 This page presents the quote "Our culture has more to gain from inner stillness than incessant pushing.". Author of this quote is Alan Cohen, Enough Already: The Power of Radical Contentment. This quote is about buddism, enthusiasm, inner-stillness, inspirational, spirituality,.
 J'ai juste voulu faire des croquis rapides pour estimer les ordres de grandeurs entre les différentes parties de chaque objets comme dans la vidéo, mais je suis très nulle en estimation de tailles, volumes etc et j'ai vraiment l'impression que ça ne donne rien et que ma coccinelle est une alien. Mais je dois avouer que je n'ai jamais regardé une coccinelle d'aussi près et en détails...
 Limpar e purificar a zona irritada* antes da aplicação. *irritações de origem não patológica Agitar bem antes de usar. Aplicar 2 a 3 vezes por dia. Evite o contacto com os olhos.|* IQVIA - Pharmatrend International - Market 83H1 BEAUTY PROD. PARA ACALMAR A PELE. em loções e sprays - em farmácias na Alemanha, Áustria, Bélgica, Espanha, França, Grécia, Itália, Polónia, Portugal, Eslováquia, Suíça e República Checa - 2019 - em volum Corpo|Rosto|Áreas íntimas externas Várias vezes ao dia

* * *

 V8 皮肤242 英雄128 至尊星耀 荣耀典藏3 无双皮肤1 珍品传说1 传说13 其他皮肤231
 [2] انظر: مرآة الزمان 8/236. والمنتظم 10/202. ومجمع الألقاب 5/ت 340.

...

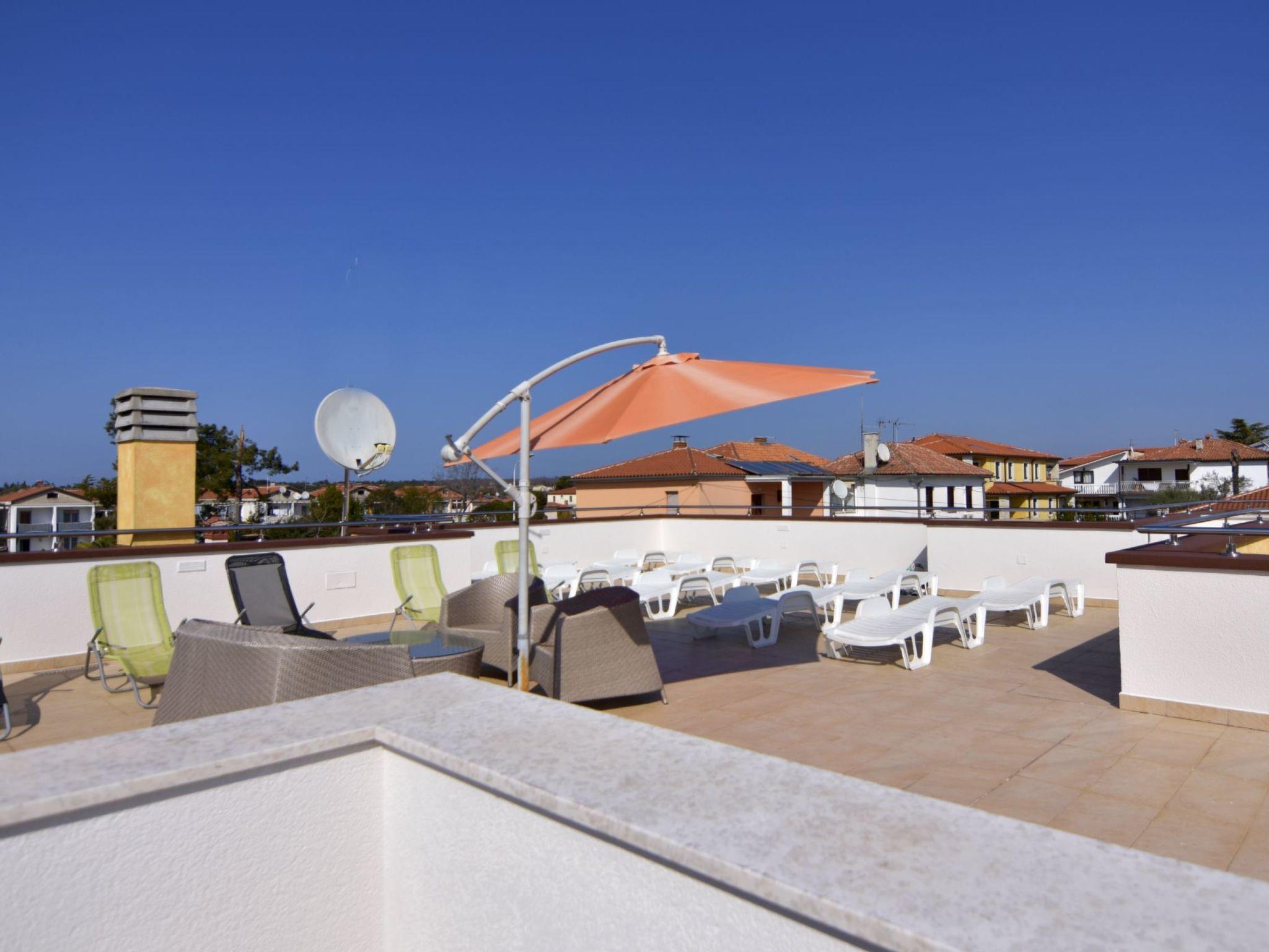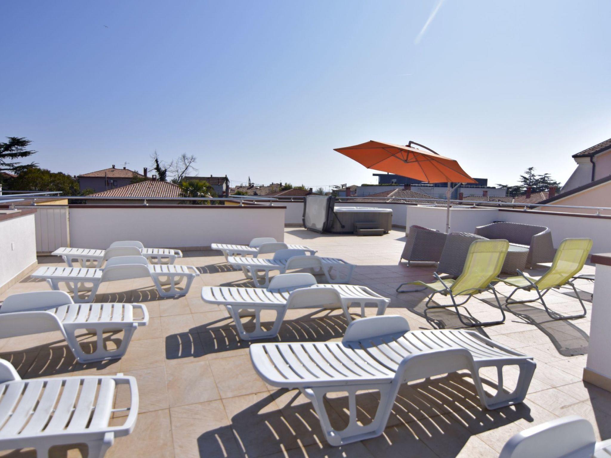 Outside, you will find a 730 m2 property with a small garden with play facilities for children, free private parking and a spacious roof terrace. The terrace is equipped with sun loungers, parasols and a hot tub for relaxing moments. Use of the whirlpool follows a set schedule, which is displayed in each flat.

TASK BRIEF
All lines above from the line with "V8 皮肤242 英雄128" through the line with "[2] انظر: مرآة", both included, are to be set down exactly, with nothing else.

TASK RESULT
 V8 皮肤242 英雄128 至尊星耀 荣耀典藏3 无双皮肤1 珍品传说1 传说13 其他皮肤231
 [2] انظر: مرآة الزمان 8/236. والمنتظم 10/202. ومجمع الألقاب 5/ت 340.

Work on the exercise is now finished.